6. Wang W, Zhu Y, Wu H, Jiao Y, Halm-Lutterodt N, et al. (2014) IL-6 and IFN-Nγ are elevated in severe mumps cases: A study of 960 mumps patients in China. J Infect Dev Ctries 8: 208-214.
7. Malaiyan J, Ramanan PV, Subramaniam D, Menon T (2016) Analysis of serum Th1/Th2 cytokine levels in patients with acute mumps infection. J Glob Infect Dis 8: 87-92.

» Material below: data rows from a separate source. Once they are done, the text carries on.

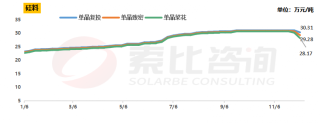 硅料價格連續(xù)兩周下跌,上周單晶復投均價30.31萬元/噸,單晶致密均價29.28萬元/噸,單晶菜花均價28.17萬元/噸。
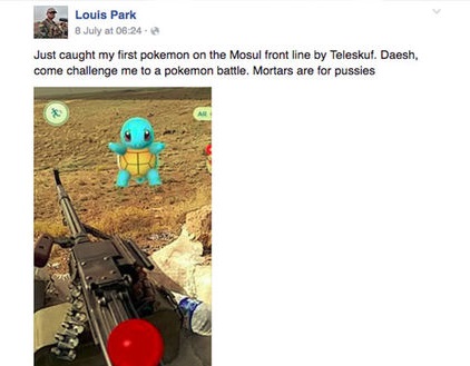 Irak'ta Peşmerge'yle birlikte DAEŞ'e karşı savaşan ABD'li asker Louis Park'ın Facebook'tan Pokemon Go oynarken paylaştığı fotoğraf sosyal medyayı salladı.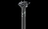 Vollcarbon Sattelstütze aus UD Carbonfaser. Neben dem gerigen Gewicht war oberste Priorität ein angenehmes Flexverhalten sowie eine hohe Funktionssicherheit und eine einfache Bedienbarkeit. Maximaler Flex ist nicht alles. Zu stark flexende Sattelstützen haben entscheidende Nachteile: 1. Sie lassen den Fahrer bei hoher Trittfrequenz aufschaukeln 2. Sie haben einen unangenehmen Kickback beim sitzenden überfahren von Hindernissen wegen der nicht vorhandenen Dämpfung Deshalb: Flex ja, aber bitte kontrolliert. Natürlich achten wir auch auf Kleinigkeiten, die das Bikerleben ein kleines Stückchen einfacher machen. So sind beispielsweise die in der oberen Schale eingelegten Gewindeeinsätze durch einen EPDM O-Ring gegen das herausfallen -beim herausdrehen der Schrauben bei der Sattelmontage- gesichert.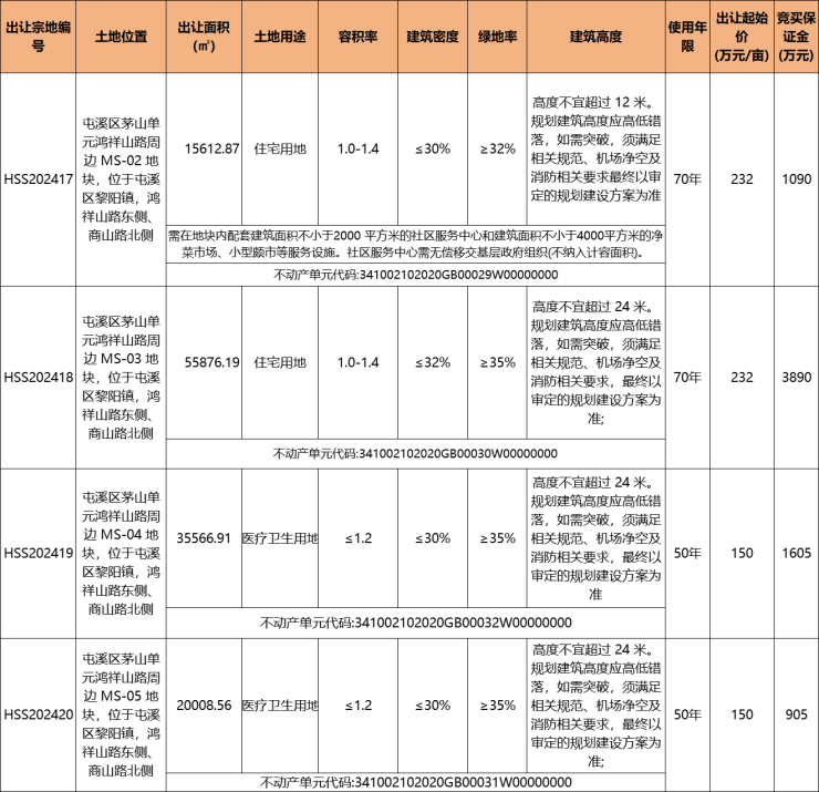 其中 MS-02 地块(宗地编号HSS202417号)住宅地块,位于屯溪区黎阳镇,鸿祥山路东侧、商山路北侧,出让面积15612.87平方米(合23.42亩),起始总价为5433.2788 万元,起始单价为3480.1元/平方米(合232 万元/亩),起拍楼面地价2485.78元/㎡,容积率为1.0-1.4 。
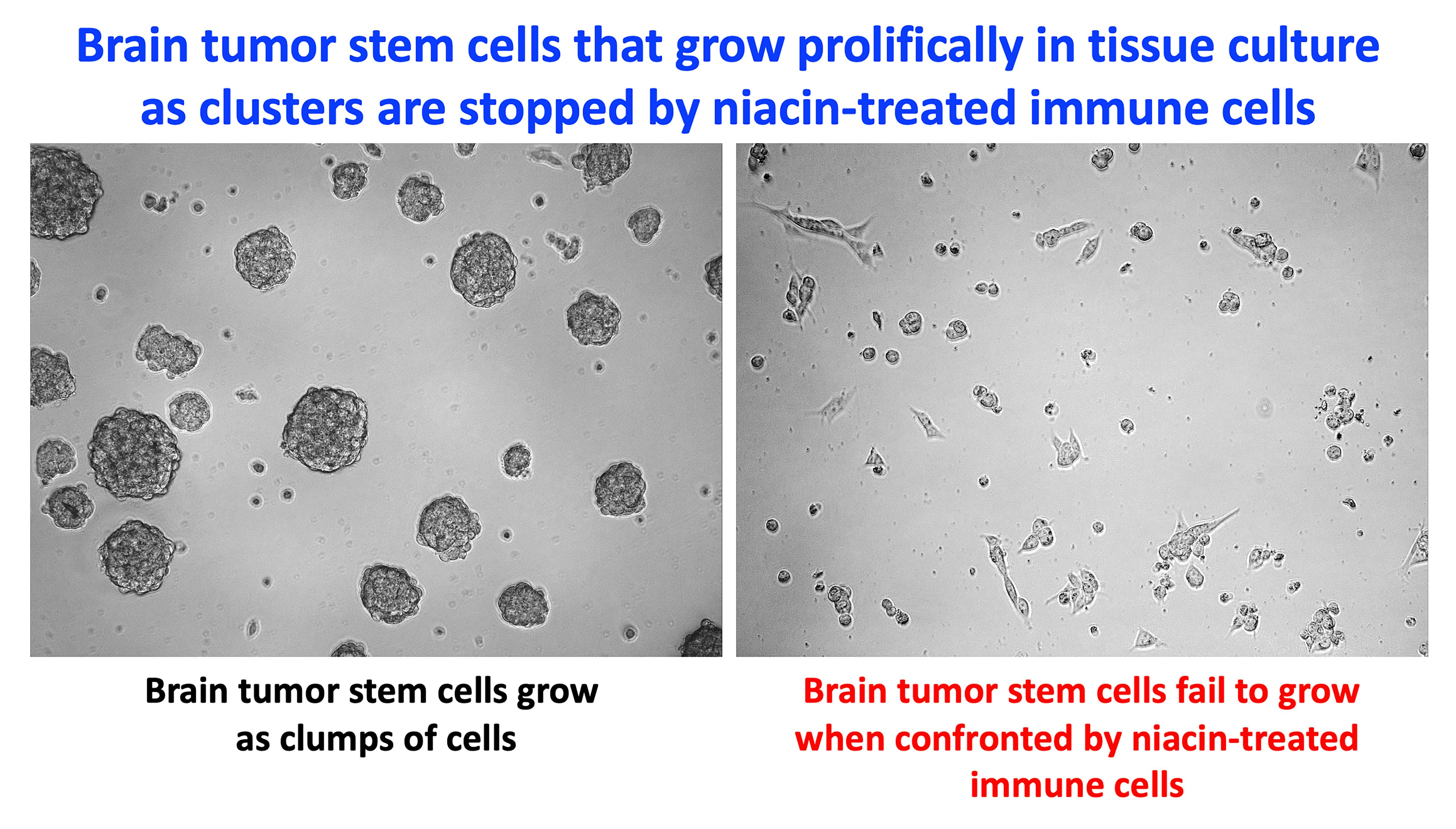 In a cell culture experiment, the research team found that, when treated with niacin, monocytes that had been taken from glioblastoma patients were spurred back into action – they were once again able to quash the growth of the BTICs. With the help of niacin, these immune cells regained the ability to fight off the cancer-generating potential of the brain tumor stem cells.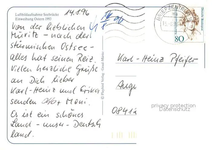 Graal-Mueritz_Ostseebad Fliegeraufnahme mit Seebruecke Graal-Mueritz_Ostseebad postalisch gelaufen 1996 Erhaltung siehe scans [WerneD78] WernPID7

8. Ichiyama T, Maeba S, Suenaga N, Saito K, Matubara T, et al. (2005) Analysis of cytokines levels in cerebrospinal fluid in mumps meningitis: Comparison with echovirus type 30 meningitis. Cytokine 30: 243-247.
9. Misra UK, Kalita J, Srivastava R, Nair PP, Mishra MK, et al. (2010) A study of cytokine in tuberculous meningitis: Clinical and MRI correlation. Neurosci Lett 483: 6-10.